According to its data from 2020, company size is not a determining factor in improving the sustainability and transparency of consumer goods supply chains.
The Sustainability Consortium (TSC; Scottsdale, AZ) released its fourth THESIS Industry Insights: Performance by Company Size report using data from its The Sustainability Insight System (THESIS), which helps assess and communicate a brand’s and manufacturer’s progress on supply chain sustainability. According to its data from 2020, company size is not a determining factor in improving the sustainability and transparency of consumer goods supply chains. TSC tested the hypothesis on company size ranging from less than $1 million in annual revenue to companies that bring in greater than $1 billion in annual revenue. The data shows that even though company sizes can range between the two spectrums, there is no practical difference in their THESIS sustainability performance.
Small-to-medium enterprises (SME) face different barriers to success than their larger counterparts. According to TSC’s data, SMEs tend to have advantages that include the higher influence of personal values of their CEOs and are able to pay more attention to non-economic sustainability drivers. SME barriers include lack of time, resources, and knowledge while also having a hard time making the case for sustainability. Larger companies were more likely to engage in formal document practices, were better able to communicate with stakeholders, and were more likely to be able to attend to material relevant issues.

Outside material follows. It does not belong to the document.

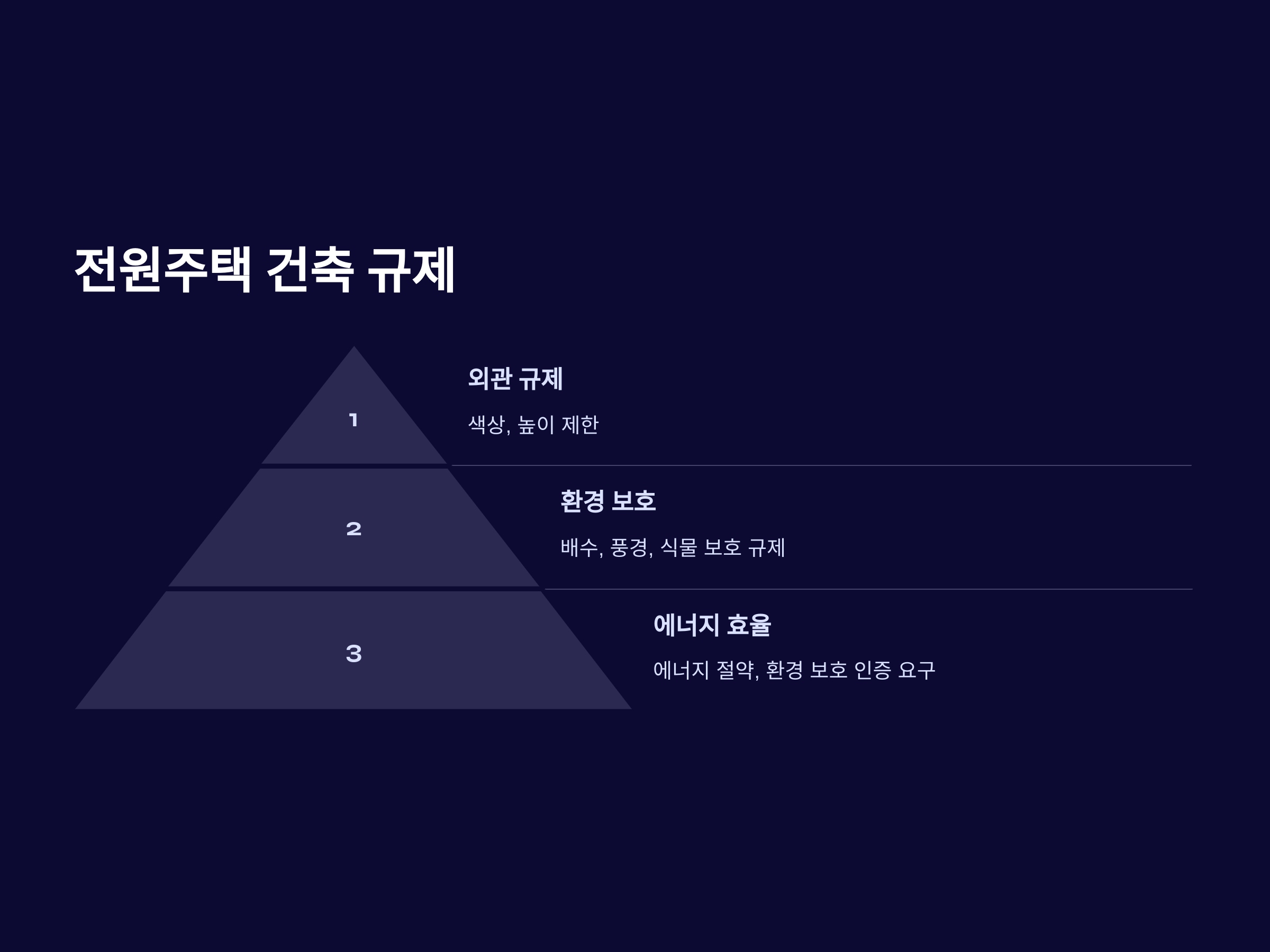 전원주택 건축을 위해서는 건축허가 외에도 여러 규제와 제약을 고려해야 합니다. 각 지역의 지자체는 전원주택 건축에 대해 다양한 규제를 두고 있으며, 이를 어길 경우 벌금이나 건축허가 취소 등의 처벌을 받을 수 있습니다.

"Through our THESIS data, we are pleased to see that small-to-medium enterprises are making the same, if not better, improvements than large companies,” said Jessica Ginger, TSC senior director, THESIS Impact, in a press release. “We now know that dedicating at least one person to integrating sustainability practices into the business, no matter the size, significant improvements in supply chain sustainability is feasible.”
TSC also found dedicated sustainability staff are critically important to driving significant changes. Around 25% of companies that had no sustainability staff reported they had made changes in sustainable product or packaging design, while more than 40% companies with sustainability staff reported they had done the same.